(What is needed)
An exact copy of each line below is needed, with no images in it.

(Dataset section)
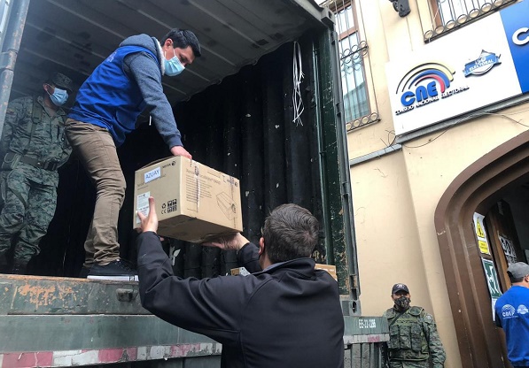 Además, con la finalidad de mantener todas las seguridades los equipos están siendo enviados con una cadena de custodia por resguardo militar hacia las 24 provincias del país y para el 18 de enero se prevé serán enviados hacia las embajadas en el exterior, excepto a las zonas electorales ubicadas en Ottawa, Buenos Aires y Phoenix, las cuales utilizarán el voto telemático, voto por correspondencia y voto electrónico.
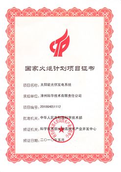 高擎火炬,KELONG光伏发电系统获科技部殊荣
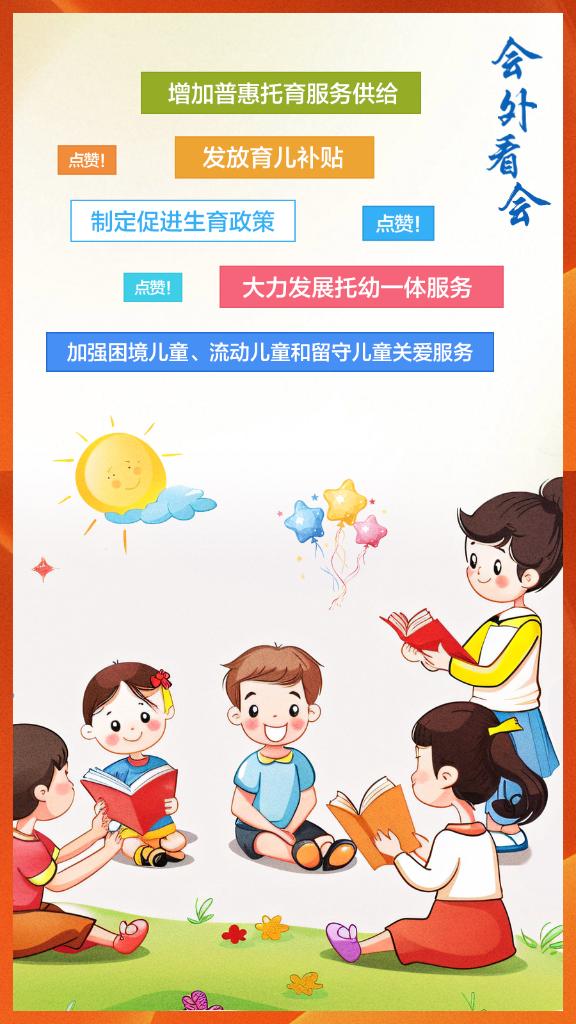 孩子是祖國的花朵。制定促進(jìn)生育政策,發(fā)放育兒補(bǔ)貼,大力發(fā)展托幼一體服務(wù),增加普惠托育服務(wù)供給……今年政府工作報(bào)告中關(guān)注孩子的這些提法,會外群眾怎么看?
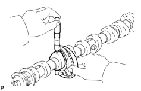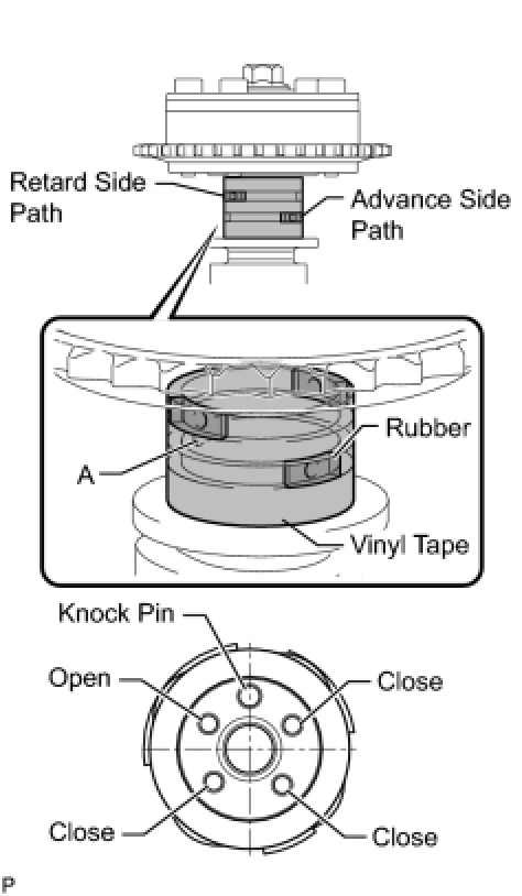 (6) When the camshaft timing exhaust gear moves to the most retarded position, release the air pressure from the advance side path, and then release the air pressure from the retard side path.

(Finished exercise)
 Además, con la finalidad de mantener todas las seguridades los equipos están siendo enviados con una cadena de custodia por resguardo militar hacia las 24 provincias del país y para el 18 de enero se prevé serán enviados hacia las embajadas en el exterior, excepto a las zonas electorales ubicadas en Ottawa, Buenos Aires y Phoenix, las cuales utilizarán el voto telemático, voto por correspondencia y voto electrónico.
 高擎火炬,KELONG光伏发电系统获科技部殊荣
 孩子是祖國的花朵。制定促進(jìn)生育政策,發(fā)放育兒補(bǔ)貼,大力發(fā)展托幼一體服務(wù),增加普惠托育服務(wù)供給……今年政府工作報(bào)告中關(guān)注孩子的這些提法,會外群眾怎么看?
 (6) When the camshaft timing exhaust gear moves to the most retarded position, release the air pressure from the advance side path, and then release the air pressure from the retard side path.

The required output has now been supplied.